I ask because what you describe above is an intensive operation that
is more akin to ETL processing than ORM data mapping. You may want to
consider processing the tree offline through an asynchronous process
and storing the results in a local persistent storage.
On Mar 19, 2:13 pm, Jason Meckley <jasonmeck...@gmail.com> wrote:
> 10 seconds just to retrieve/hydrate the data isn't fast at all. I
> would want that to take milliseconds. Caching 61000 entities doesn't
> solve the problem either, you have just moved the problem to another
> location.
>
> Questions:
> Do you need all 61000 at once?
As I explained, yes, they are cached for hours
> Can you process the rows in batch?
No - they need to be loaded into a process space all at once and kept
in that process space for hours.
> Can the processing be done offline and then persisted to local storage?
No. This is not an offline scenario
> Do you require NH to retrieve the rows?
Ideally I would like to keep NH in charge for other reasons (eg
database agnosticity). I'm pragmatic about the solution - I don't have
any problems using a DataReader. However NHibernate is a better
architectural fit for this problem (1st level cache/domain entities
etc) and thus I'd like to keep it.
>
> I ask because what you describe above is an intensive operation that
> is more akin to ETL processing than ORM data mapping. You may want to
No it's not ETL. As I said, it's a tree graph which needs to be
queried in real time (milliseconds). And we can afford the data to be
hours out of date.
> consider processing the tree offline through an asynchronous process
> and storing the results in a local persistent storage.
The use case of my domain is correct and it is not ETL or a batch job.

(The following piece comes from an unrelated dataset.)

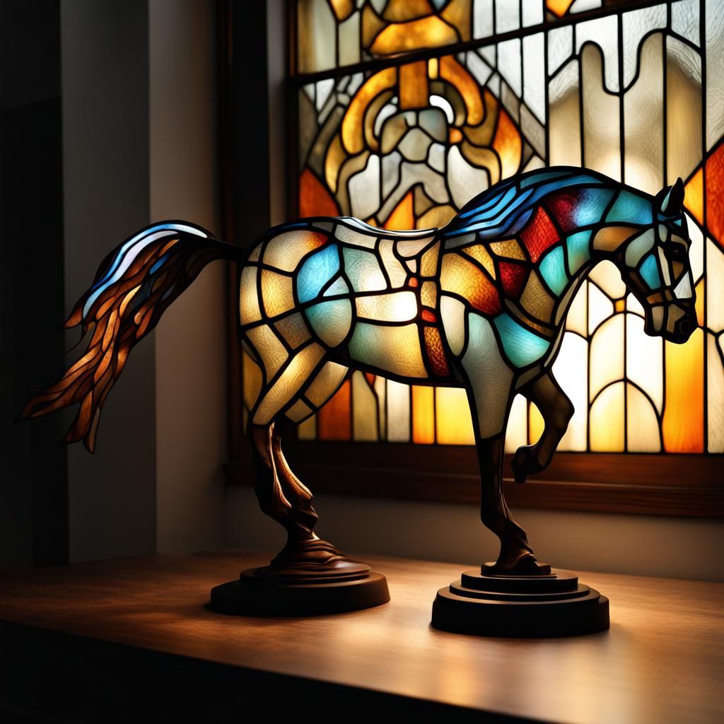 A stunning image of a stained glass horse lamp with glowing eyes. The lamp features intricate, organic motifs and dramatic lighting, rendered as high-quality CGI fine art.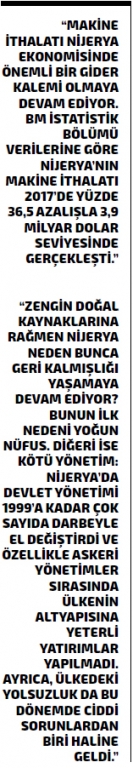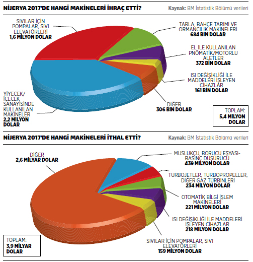 Bununla birlikte, makine ithalatı Nijerya ekonomisinde önemli bir gider kalemi olmaya devam ediyor. BM İstatistik Bölümü verilerine göre Nijerya’nın makine ithalatı 2017’de yüzde 36,5 azalışla 3,9 milyar dolar seviyesinde gerçekleşti. 2017 yılı verilerine göre Nijerya’nın en fazla makine ithal ettiği ilk 10 ülke listesinin ilk sırasında 1,4 milyar dolarla Çin yer alırken, listenin ikinci sırasında bulunan Almanya’dan 326 milyon dolar değerinde makine ithal edildi. Listesinin üçüncü sırasındaki ABD’den 2017’de ithal edilen makinelerin değeri ise 306 milyon dolar oldu. Nijerya 2017’de listenin dördüncü sırasındaki İngiltere’den 298 milyon dolarlık makine ithal ederken, beşinci sıradaki İtalya’dan da 252 milyon dolarlık ithalat gerçekleştirdi. Türkiye ise Nijerya’nın makine ithalatında, BM İstatistik Bölümü verilerine göre 51 milyon dolarla 11’inci sırada yer alırken, Türkiye’nin Nijerya’ya makine ihracatının bu dönemde yüzde 21,6 artış gösterdiği görülüyor.

So, Can you suggest which parts of the NH source code I should
investigate to determine why it is taking 180 seconds longer than
would be expected? Obviously, I'm looking at NHibernate.Loader.Loader
- and possibly at the Batchers - but it's difficult to tell whether
it's the materialization or IDataReader or a combination thereof that
is adding this extra 3 minutes. Logging at DEBUG doesn't help too
much.
Richard
--
You received this message because you are subscribed to the Google Groups "nhusers" group.
To post to this group, send email to nhu...@googlegroups.com.
To unsubscribe from this group, send email to nhusers+u...@googlegroups.com.
For more options, visit this group at http://groups.google.com/group/nhusers?hl=en.
Richard
On Mar 19, 4:05 pm, John Davidson <jwdavid...@gmail.com> wrote:
> You really need a profiler to figure out where execution times are being
> consumed
>
> http://www.red-gate.com/products/ants_performance_profiler/index.htmhttp://www.nhprof.com/
>
> both options provide free trial downloads
>
> John Davidson
>
> > nhusers+u...@googlegroups.com<nhusers%2Bunsu...@googlegroups.com>
First off I didn't design the system, those people are long long gone.
Whether it's right or wrong to store a tree in a database is
irrelevant. The tree needs to be processed at speed. Our use case
allows this data to be many hours out of date.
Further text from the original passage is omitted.